Opinions individuelles que tout cela ? Oh ! que non pas ! Les ambitions démesurées du général von Licbcrt étaient celles-là mêmes de la Ligue pangermaniste ; celles du professeur von Schultze formaient partie intégrante du manifeste inaugural de la « Ligue du peuple pour la liberté et la patrie », que les groupes de gauche venaient de créer pour faire contrepoids aux intempérances des annexionnistes outranciers ; un mémoire confidentiel des métallurgistes allemands[1], daté du 18 décembre 1917, et 1res fortement documenté, établissait l’inéluctable nécessité pour l’Allemagne de conserver définitivement le bassin métallique de Briey, si elle voulait recouvrer sa puissance militaire, sa force économique, la prospérité de la classe ouvrière et ne pas se trouver démunie pour la prochaine guerre.
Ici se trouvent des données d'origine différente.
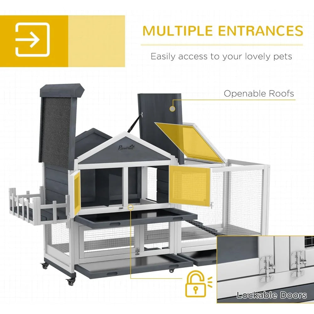 With generous dimensions of 65.2L x 21.3W x 37H inches, this large rabbit hutch offers ample living space for your rabbits to explore and play. The hutch features an openable roof which allows easy access for cleaning and maintenance, making it convenient for pet owners. Additionally, the hutch comes equipped with a lockable design, ensuring your pets are safe from predators while giving you peace of mind.
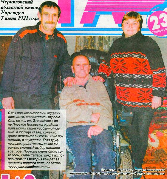 С тех пор как выросли и отделились дети. они остались втроем. Она, он и... он. Это сейчас в селе Плоское Носовского района привыкли к такой необычной семье. А 22 года назад, конечно, долго перемывали кости! И не понимали, и осуждали. Хотя трудно даже представить, какой морально сложный выбор сделали все трое. Поэтому очень бы не хотелось, чтобы теперь, когда их поразительная история выйдет за пределы родного села, сплетни-пересуды возобновились.
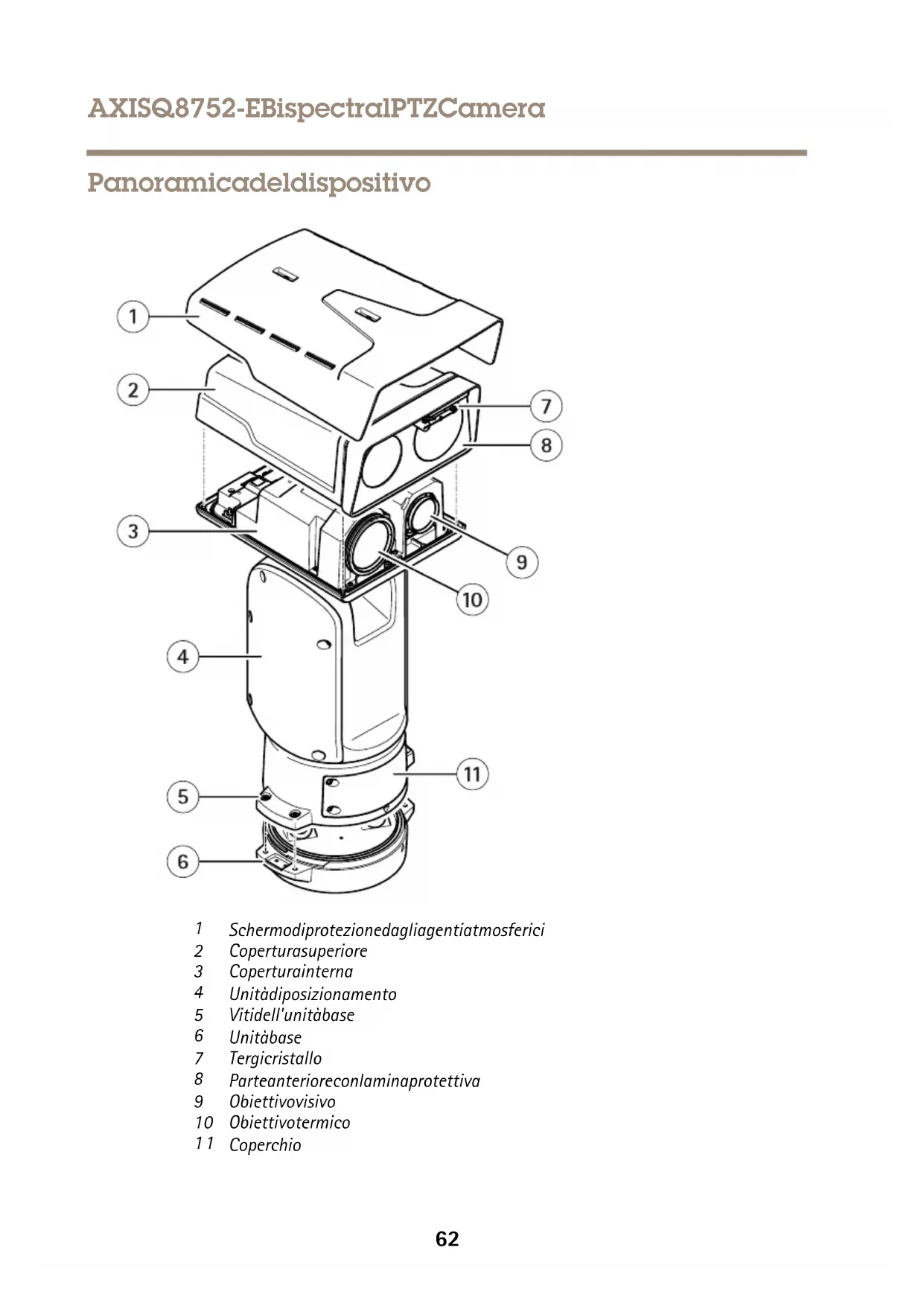 ITAXISQ8752-EBispectralPTZCamera Comeinstallareildispositivo PERICOLO Rischiodiscosseelettriche.Tuttiicavinonsarannosottotensioneprimadiinstallareil dispositivo. ATTENZIONE Leconnessionielettricheel'installazionedeitubiprotettividevonoessereeffettuatedaun elettricistacerticatoeinconformitàallenormativelocali. ATTENZIONE Rischiodilesioni.Partiinmovimento.Tenereilcorpoadistanzadaldispositivo duranteilfunzionamento.Scollegaredall'alimentazioneprimadiinstallareoeseguire lamanutenzionesuldispositivo. ATTENZIONE Rischiodilesioni.Superciecalda.Nontoccareildispositivoduranteilfunzionamento. Scollegaredall'alimentazioneelasciarraffreddarelesuperciprimadieseguirela manutenzionesuldispositivo. Montaggiodell'unitàbase
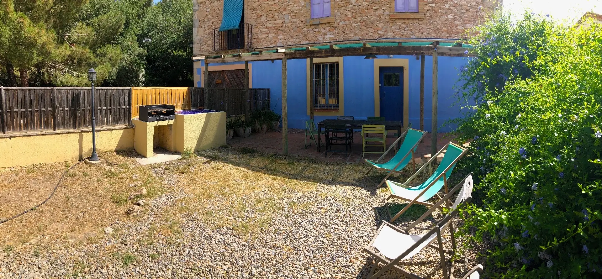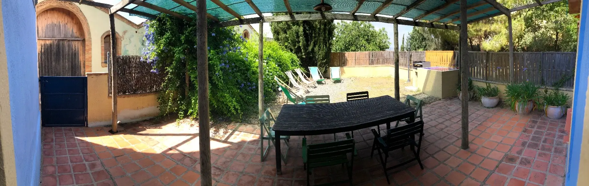 Dispone de jardín con barbacoa, porche con mesa, sillas y tumbonas.
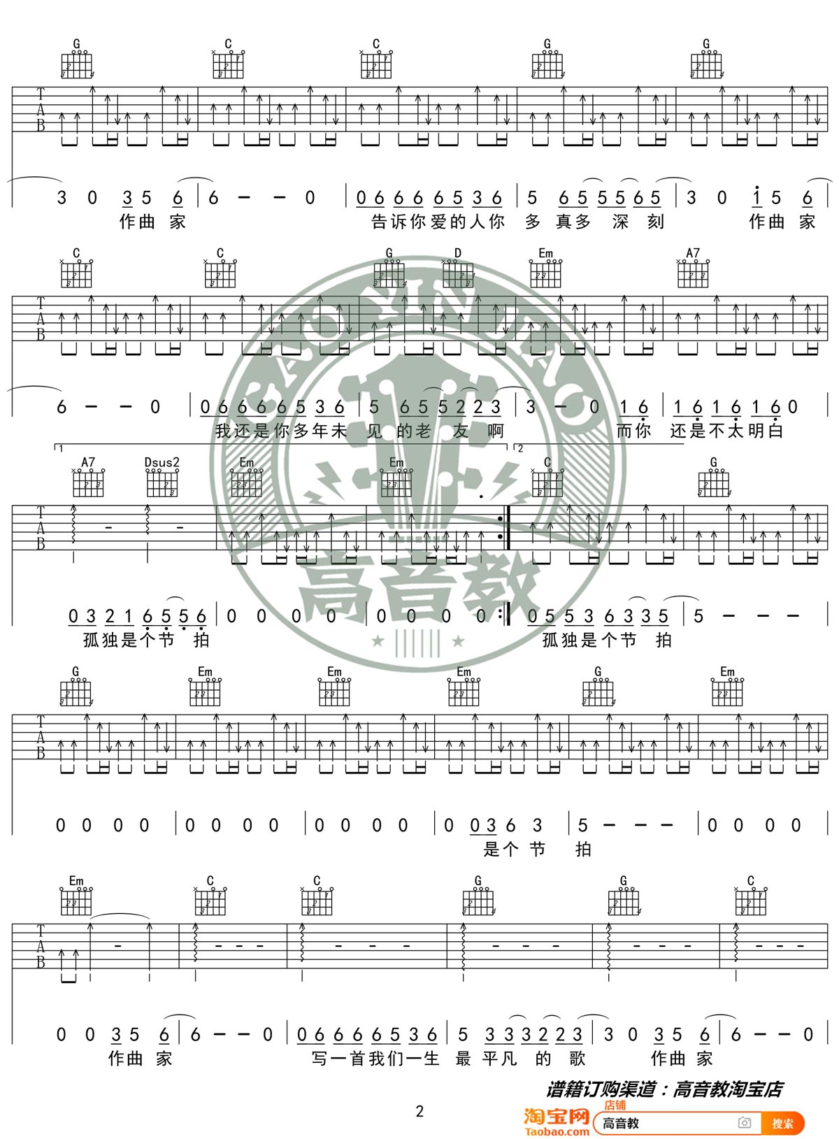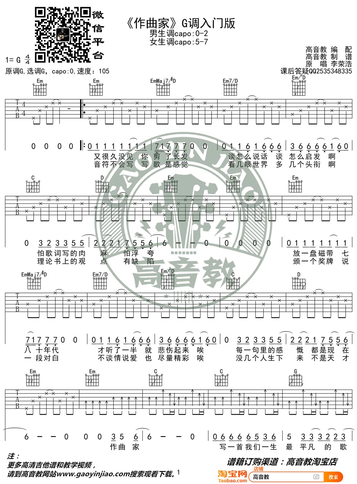 作曲家吉他谱 - 李荣浩 - G调吉他弹唱谱

C’est à toutes ces revendications que le prince impérial faisait allusion lorsque, au début de janvier, il promettait à quelques syndicats ouvriers « une bonne et honorable paix qui assurera aux ouvriers allemands les conditions d’une vie heureuse et le libre développement de leurs forces sur le sol même de la patrie. » Le comte Hertling n’en ignorait rien non plus, quand, encore président du conseil bavarois, mais à la veille d’être promu chancelier impérial, il disait sournoisement dans un discours de fin novembre, à Munich : « En admettant la victoire de l’Entente, c’est l’Amérique qui prendrait dans le monde une place prépondérante ; c’est elle qui dominerait les mers et dirigerait le commerce mondial. Amérique contre Europe : tel est le caractère que, par la faute de l’Entente, la guerre menace d’assumer de plus en plus. Conséquemment, les Puissances centrales et leurs alliés ne combattent plus pour elles seules ; elles combattent pour l’indépendance de l’Europe contre un empire colonial devenu trop puissant. »

Telles avaient été les dispositions des divers partis allemands au moment où s’ouvrirent les négociations de Brest-Litovsk. On reconnaîtra que les positions des partis

  1. Edité en France, Berlin 1918, par les soins de la Fédération des Industriels et Commerçants.